Рис. 13. Дирхемы с легендой «Муса расул алла» (по: Kovalev 2005)
Распределение серебра в Восточной Европе и колебания рынка в IX в. позволяют обнаруживать конфликты, не отмеченные прямо письменными источниками. Интересно, что единичные монеты, демонстрирующие выбор веры, — куфические дирхемы с легендой «Муса расул Алла»/«Моисей — посланник Божий», обнаруженные на Готланде (Г. Рисплинг, см. Kovalev 2005, рис. 13), датируются концом 830-х гг. — временем, когда велись переговоры о строительстве Саркела и происходил конфликт с болгарами и венграми на дунайской границе Византии (тогда же русские послы впервые появились в Константинополе). Следует отметить, что ранние клады восточного серебра выпадают на границах Хазарии, в землях хазарских данников — славян, у северян и вятичей, в районе перехода из бассейна Дона в бассейн Оки (Кропоткин 1978. С. 112). Очевидно, что хазары должны были делиться с данниками, допуская их к распределению поступающих монет. Русь уже в середине Х в., по данным Константина Багрянородного, платила славянам-данникам за поставляемые лодки: клады восточного серебра распространяются на речных коммуникациях cевера Восточной Европы значительно раньше, с начала IX в.

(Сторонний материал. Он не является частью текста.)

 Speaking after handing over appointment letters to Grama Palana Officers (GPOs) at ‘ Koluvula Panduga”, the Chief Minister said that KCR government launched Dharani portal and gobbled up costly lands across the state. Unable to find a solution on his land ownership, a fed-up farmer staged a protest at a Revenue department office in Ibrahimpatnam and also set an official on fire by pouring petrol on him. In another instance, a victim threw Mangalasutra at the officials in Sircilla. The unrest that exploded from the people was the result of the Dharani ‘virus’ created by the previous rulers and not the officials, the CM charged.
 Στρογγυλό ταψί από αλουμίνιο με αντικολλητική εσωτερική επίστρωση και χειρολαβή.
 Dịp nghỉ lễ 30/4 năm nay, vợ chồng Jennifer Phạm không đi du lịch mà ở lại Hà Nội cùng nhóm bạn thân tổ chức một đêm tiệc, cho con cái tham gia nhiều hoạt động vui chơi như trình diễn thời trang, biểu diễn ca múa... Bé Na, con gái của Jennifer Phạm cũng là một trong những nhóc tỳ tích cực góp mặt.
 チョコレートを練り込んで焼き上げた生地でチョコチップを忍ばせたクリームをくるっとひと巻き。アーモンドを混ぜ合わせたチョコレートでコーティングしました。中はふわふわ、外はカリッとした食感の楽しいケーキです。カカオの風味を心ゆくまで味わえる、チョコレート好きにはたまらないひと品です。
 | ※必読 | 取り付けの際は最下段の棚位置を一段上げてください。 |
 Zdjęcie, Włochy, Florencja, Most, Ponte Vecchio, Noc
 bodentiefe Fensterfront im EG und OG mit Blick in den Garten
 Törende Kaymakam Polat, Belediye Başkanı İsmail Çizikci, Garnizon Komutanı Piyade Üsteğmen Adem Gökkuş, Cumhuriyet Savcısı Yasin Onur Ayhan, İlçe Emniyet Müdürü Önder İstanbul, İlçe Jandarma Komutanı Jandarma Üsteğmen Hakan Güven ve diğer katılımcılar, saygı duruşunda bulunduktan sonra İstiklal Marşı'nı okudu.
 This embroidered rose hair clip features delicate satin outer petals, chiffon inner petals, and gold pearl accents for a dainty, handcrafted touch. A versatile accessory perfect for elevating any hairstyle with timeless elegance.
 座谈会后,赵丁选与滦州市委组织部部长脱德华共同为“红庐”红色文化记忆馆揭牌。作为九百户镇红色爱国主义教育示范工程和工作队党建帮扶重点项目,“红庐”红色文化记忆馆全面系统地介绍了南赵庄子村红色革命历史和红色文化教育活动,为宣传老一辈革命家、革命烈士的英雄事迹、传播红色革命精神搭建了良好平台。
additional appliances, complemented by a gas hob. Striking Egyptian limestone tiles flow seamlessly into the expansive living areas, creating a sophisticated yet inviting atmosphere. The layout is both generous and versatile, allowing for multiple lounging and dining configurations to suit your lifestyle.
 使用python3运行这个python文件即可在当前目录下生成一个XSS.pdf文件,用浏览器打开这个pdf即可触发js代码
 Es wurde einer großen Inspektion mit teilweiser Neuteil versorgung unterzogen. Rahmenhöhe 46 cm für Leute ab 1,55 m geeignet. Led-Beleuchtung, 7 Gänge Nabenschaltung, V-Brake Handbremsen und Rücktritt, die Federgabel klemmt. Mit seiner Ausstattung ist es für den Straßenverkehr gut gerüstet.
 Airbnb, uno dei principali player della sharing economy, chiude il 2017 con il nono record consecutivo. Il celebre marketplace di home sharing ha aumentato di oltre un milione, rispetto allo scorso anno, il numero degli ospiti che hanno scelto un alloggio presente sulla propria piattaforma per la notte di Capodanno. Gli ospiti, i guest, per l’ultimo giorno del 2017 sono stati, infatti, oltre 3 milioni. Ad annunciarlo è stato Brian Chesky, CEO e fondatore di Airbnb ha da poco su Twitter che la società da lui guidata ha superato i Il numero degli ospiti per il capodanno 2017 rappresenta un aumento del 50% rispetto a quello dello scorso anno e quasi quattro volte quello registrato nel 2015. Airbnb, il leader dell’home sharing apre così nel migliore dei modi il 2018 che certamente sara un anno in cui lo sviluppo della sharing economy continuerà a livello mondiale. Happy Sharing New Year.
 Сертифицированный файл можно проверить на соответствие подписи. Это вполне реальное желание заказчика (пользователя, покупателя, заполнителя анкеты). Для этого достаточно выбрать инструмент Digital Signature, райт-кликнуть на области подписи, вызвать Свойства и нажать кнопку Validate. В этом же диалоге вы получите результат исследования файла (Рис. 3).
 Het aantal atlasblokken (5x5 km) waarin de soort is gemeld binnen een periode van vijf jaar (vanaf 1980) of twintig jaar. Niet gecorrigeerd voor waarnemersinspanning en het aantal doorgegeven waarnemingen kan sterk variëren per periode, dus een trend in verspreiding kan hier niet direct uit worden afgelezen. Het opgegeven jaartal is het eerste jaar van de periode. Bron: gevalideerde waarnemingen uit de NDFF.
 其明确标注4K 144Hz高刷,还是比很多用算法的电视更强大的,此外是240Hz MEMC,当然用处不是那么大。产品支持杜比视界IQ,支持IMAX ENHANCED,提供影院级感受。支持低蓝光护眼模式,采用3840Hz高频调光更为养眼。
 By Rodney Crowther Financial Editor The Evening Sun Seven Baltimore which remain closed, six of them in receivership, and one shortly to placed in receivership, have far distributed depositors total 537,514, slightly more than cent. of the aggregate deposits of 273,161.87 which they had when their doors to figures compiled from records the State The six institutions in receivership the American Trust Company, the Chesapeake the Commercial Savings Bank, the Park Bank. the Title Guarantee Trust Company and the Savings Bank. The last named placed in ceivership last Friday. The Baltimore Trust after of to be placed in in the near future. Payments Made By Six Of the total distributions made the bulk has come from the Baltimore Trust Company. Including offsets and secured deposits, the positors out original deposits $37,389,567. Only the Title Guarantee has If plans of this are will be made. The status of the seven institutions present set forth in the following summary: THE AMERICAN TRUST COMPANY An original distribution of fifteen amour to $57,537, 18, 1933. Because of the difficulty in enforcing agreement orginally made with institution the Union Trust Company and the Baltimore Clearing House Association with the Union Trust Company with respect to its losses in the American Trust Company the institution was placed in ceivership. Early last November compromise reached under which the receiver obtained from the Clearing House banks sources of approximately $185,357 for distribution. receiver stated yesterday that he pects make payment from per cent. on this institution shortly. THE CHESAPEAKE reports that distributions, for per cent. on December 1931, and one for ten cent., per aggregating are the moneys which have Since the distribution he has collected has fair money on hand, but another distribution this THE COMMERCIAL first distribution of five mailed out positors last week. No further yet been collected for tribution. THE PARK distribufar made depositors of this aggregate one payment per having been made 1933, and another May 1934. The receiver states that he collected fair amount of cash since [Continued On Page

Ранние клады неизвестны в киевском Правобережье. Киев стал центром концентрации монет в Х в., когда там обосновались пришедшие с севера русские князья. Это вторжение, согласно Начальной русской летописи («Повесть временных лет»), сопровождалось присвоением хазарской дани с полян, северян и радимичей. Русь не могла атаковать хазар на главных магистралях Хазарии — на Дону и Волге: она смогла прорваться к мировым рынкам в обход, по западной пограничной реке Днепру, в том регионе, который контролировали венгры, находившиеся в сложных отношениях с былым сюзереном — Хазарией. Уже говорилось, что русь смогла обосноваться в Среднем Поднепровье тогда, когда венгры уходили в походы на запад: в 860-е гг. Киев был захвачен русью Аскольда и Дира. В 882 г., когда венгры с союзными каварами дошли до Вены, Вещий Олег утвердился в Среднем Поднепровье (см. о Руси как посреднике при распространении венгерских древностей в Скандинавии — Hedenstierna-Jonson 2009). Источники не сообщают о реакции хазар на вторжение Олега, но Т. Нунан показал, что в последней четверти IX в. восточная монета не поступает в Восточную и Северную Европу. Кризис может быть объяснен хазарской блокадой Руси: монета вновь начинает поступать в Европу в начале Х в., когда устанавливается связь с Волжской Болгарией и рынок наполняется монетой среднеазиатского саманидского чекана (в обход Хазарии).
Известны попытки реконструировать путь из Киева в Болгар (Б. А. Рыбаков, А. П. Моця, А. Х. Халиков), очевидно, что им воспользовались послы Хасдая ибн Шапрута в начале 960-х гг., а вслед за ними в 965 г. — князь Святослав. Русь уже не зависела от речных коммуникаций, но смогла выйти на Волгу, в «тыл» Хазарии. Удар был нанесен по хазарскому «граду» — столице Итилю (?), за ним последовали Тамань и аланские регионы — Северный Кавказ и бассейн Дона.
Вероятные свидетельства военного разгрома и присутствия дружины Святослава обнаруживаются на городищах в бассейне Десны и в Белой Веже (Петрухин 1995. С. 103). Комплексы (клады), отражающие присутствие славянских скандинавских и хазарских древностей, известны в бассейне Оки (Зарайский клад — Макарова 2005, Супруты — Мурашева 2008а). На городище Самосделка в дельте Волги исследуется мощный культурный слой, в котором присутствуют следы пожара, но нет характерных вещей, которые оставляли воины Святослава на местах походов, в том числе — в дунайской Болгарии (Йотов 2003). Нет их и в хазарской Таматархе, разрушенной пожаром во второй половине Х в. (ср.: Чхаидзе 2008. С. 285).